Next, we summarize the main findings obtained from our experimental analysis:

  1. Semantic vector dimensionality: The semantic vectors of our approach are high dimensional, a common byproduct of frequency-based features. For 20-Newsgroups, applying dimensionality reduction with a static concept-wise frequency threshold set to 20, allows for restricting the vector length by $61 \%$ , while retaining $99.36 \%$ of the top accuracy score (Table  5). For Reuters, the optimal performance (excluding the hypernymy propagation) stays the same at a $61.5 \%$ size reduction (Table 10). On the other hand, dimensionality reduction with the 50 most frequent concepts is evidently too extreme, and the resulting fixed-length vectors cannot be used as substitutes to equal-length word embeddings.

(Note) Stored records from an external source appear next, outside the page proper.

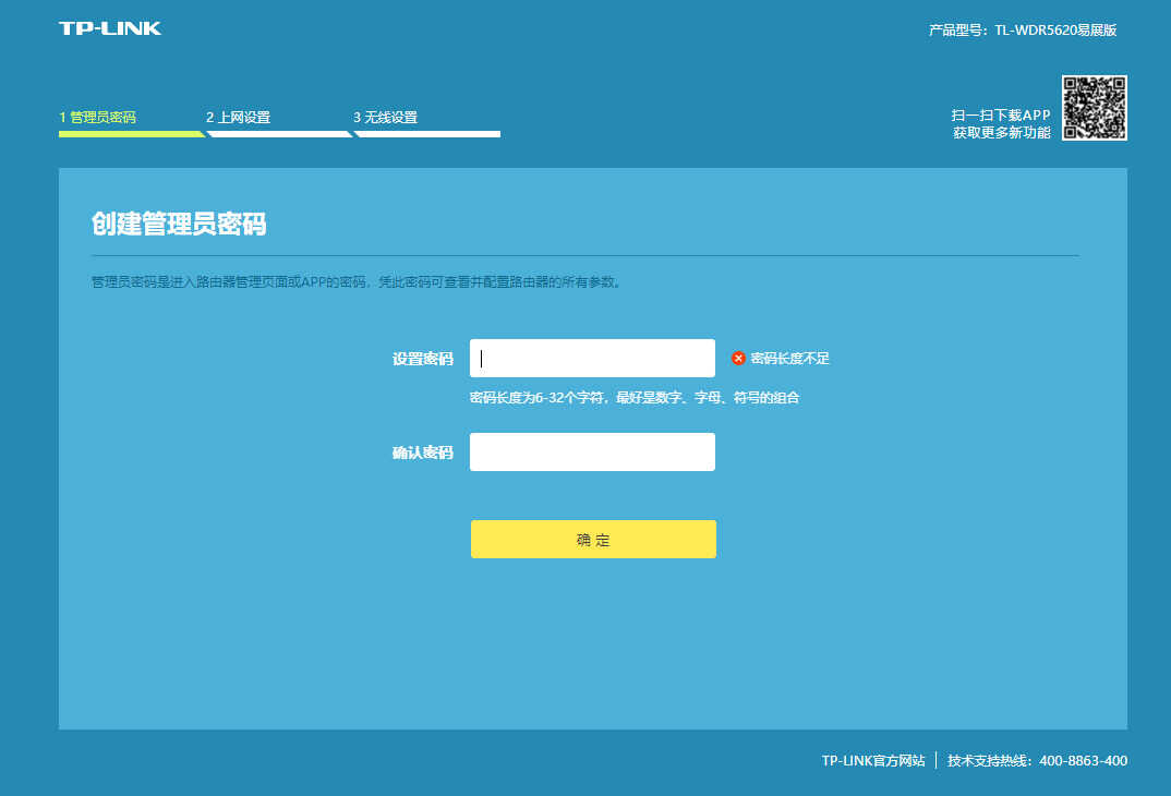 此时设定管理员密码即可进入设置界面。部分老款路由器需要输入用户名和密码才能进入,用户名和密码均为admin。进入设置界面后大多路由器会出现设置向导,一般路由器设置都可以按照设置向导一步步设置完成,具体设置可以参考步骤2.也可以退出设置向导,按照以下步骤设置完成。
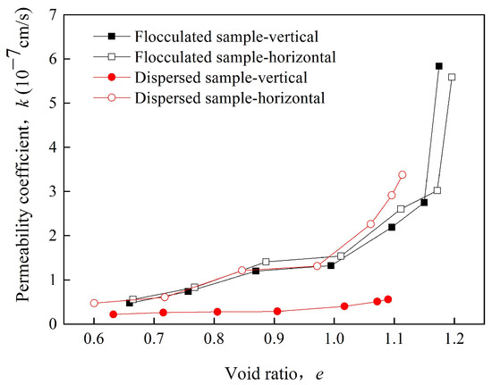 Permeability coefficient–void-ratio curves of kaolin clay for flocculated and dispersed samples in vertical and horizontal directions.
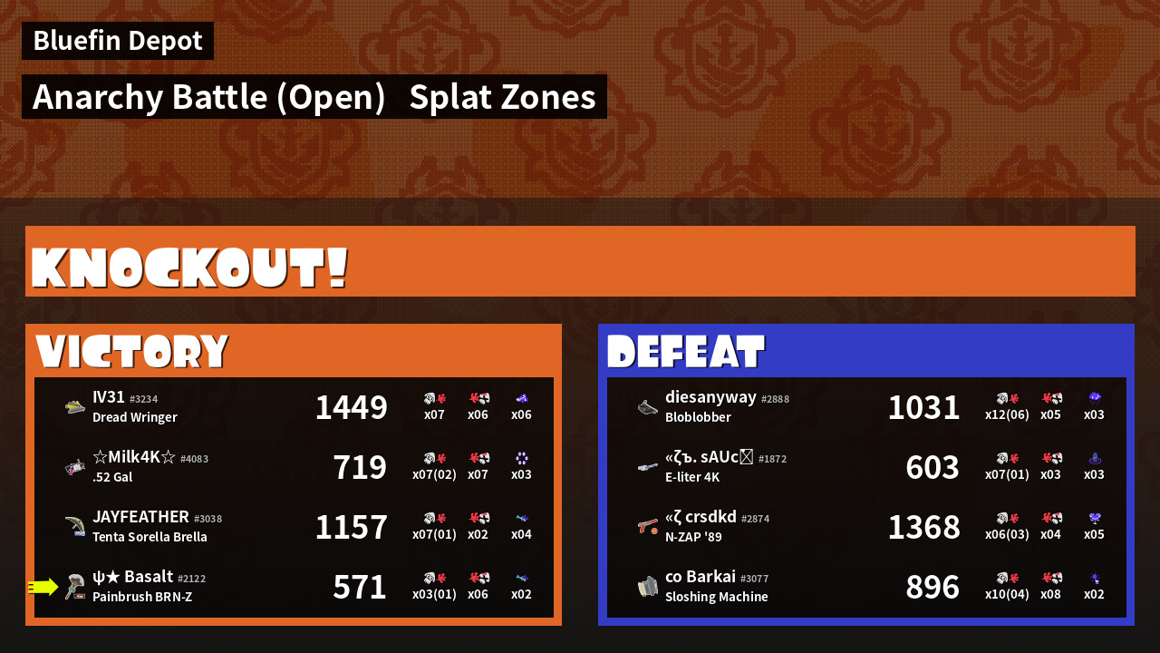 | Mode | Splat Zones - Anarchy Battle (Open) | ||
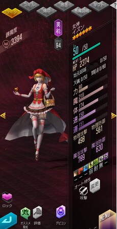 1ターン目開始時と自身を含む味方が悪魔を倒したとき、連動効果が発動「現在HPが最も低い敵1体と最も高い敵1体ずつに減退1カウントを与え、1ターンの間、呪殺属性相性を3段階低下させる。」
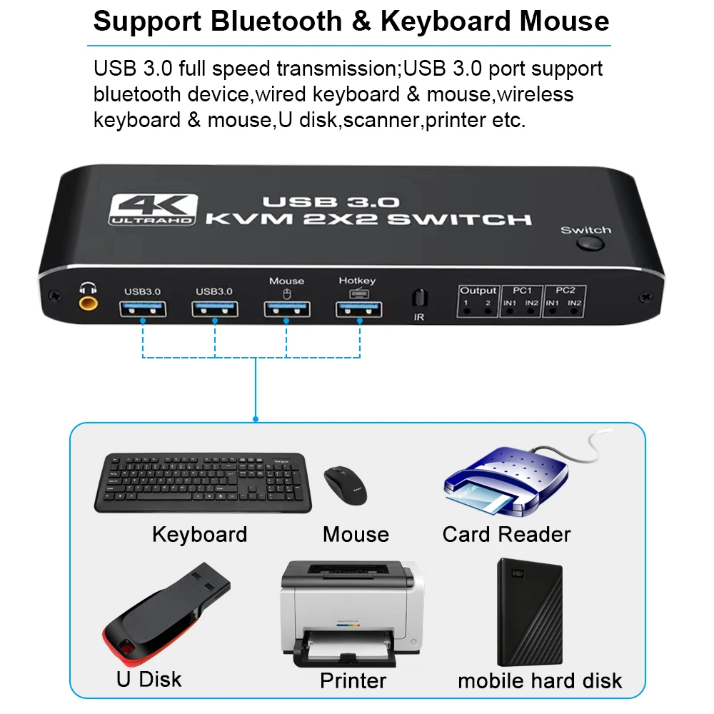 Conmutador KVM HDMI dual con puertos USB 3,0]: admite la conexión de sus dispositivos de Puerto USB 3,0, como escáner/ratón USB/impresora/monitor.
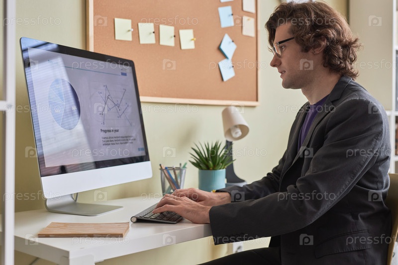 Улыбающийся мужчина с длинными волосами, использующий компьютер за столом в офисе или на домашнем рабочем месте

This is in line with the next observation which states that replacing the embedding vector entirely rather than augmenting it consistently deteriorates the classification performance, at least for the datasets and semantic resources we consider. Notably, in this dimensionality reduction scenario—and contrary to the results of both the main and concept-wise thresholded experiments—TF-IDF weights outperform the raw frequency vectors. This probably suggests that TF-IDF is important for semantic frequency-based features, but only at very extreme dimensionality reductions. These findings show that the semantic vector-space features like the ones employed by our approach can be rather noisy, despite representing high-level information. Even though frequency-based concept-wise thresholding works well in our evaluation, both truncation schemes warrant further investigation (e.g., in the context of hypernymy activation propagation and context embedding configurations). It is also interesting to explore the effect of more sophisticated methods for dimensionality reduction on the enriched data produced by our pipeline.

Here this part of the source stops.